12 Les arguments soulevés par l’opposante en réponse peuvent être résumés comme suit:
– Contrairement à l’avis de la demanderesse, l’élément verbal supplémentaire «SPORT NUTRITION» ainsi que les éléments figuratifs dans le signe contesté ne sont pas suffisants pour éliminer le degré élevé de similitude entre les signes en conflit. Les signes sont très similaires sur les plans visuel et phonétique et sont identiques sur le plan conceptuel.
– La demanderesse reconnaît expressément que la marque antérieure est renommée pour les produits et services enregistrés. Le fait que la marque antérieure ne soit pas renommée pour des produits compris dans la classe 5 étant donné qu’elle n’est pas enregistrée pour de tels produits est dénué de pertinence.

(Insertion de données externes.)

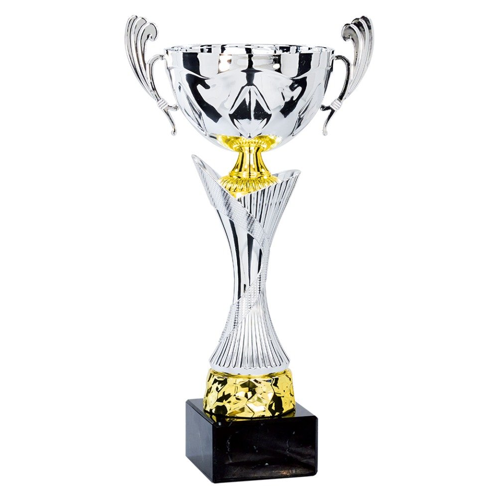 Dieser stilvolle Henkelpokal zeichnet sich durch ein glänzendes Design mit gold- und silberfarbenen Akzenten aus. Er ist eine klassische Wahl für jede Ehrung und verfügt über einen schwarzen Sockel, der Stabilität verleiht. Ein Gravurschild wird lose beigefügt.
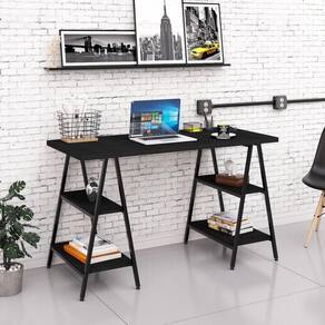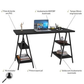 Pensando nisso, a Mpozenato desenvolveu a Mesa Cavalete Prisma para trazer inovação e funcionalidade ao seu dia a dia de trabalho e estudos. Essa mesa de escritório conta com uma estrutura metálica slim, sendo os pés cavaletes confeccionados em Aço, com soldas suavizadas e pintura epóxi na cor Preta, além dos niveladores de altura. Já o tampo engrossurado de 30mm e as prateleiras na cor Preto Ônix são fabricados em MDP com acabamento BP acetinado, proporcionando maior durabilidade e resistência ao produto.

– La demanderesse affirme à tort que les conditions de l’article 8, paragraphe 5, du RMUE ne sont remplies que s’il existe un risque de confusion.
– La division d’opposition a conclu à juste titre qu’il existe un lien entre les signes, malgré la dissemblance entre les produits en conflit, en raison des similitudes frappantes entre les signes et du degré élevé de renommée de la marque antérieure.
– L’absence d’intention subjective de la demanderesse est dénuée de pertinence. Il existe un lien objectif entre les signes.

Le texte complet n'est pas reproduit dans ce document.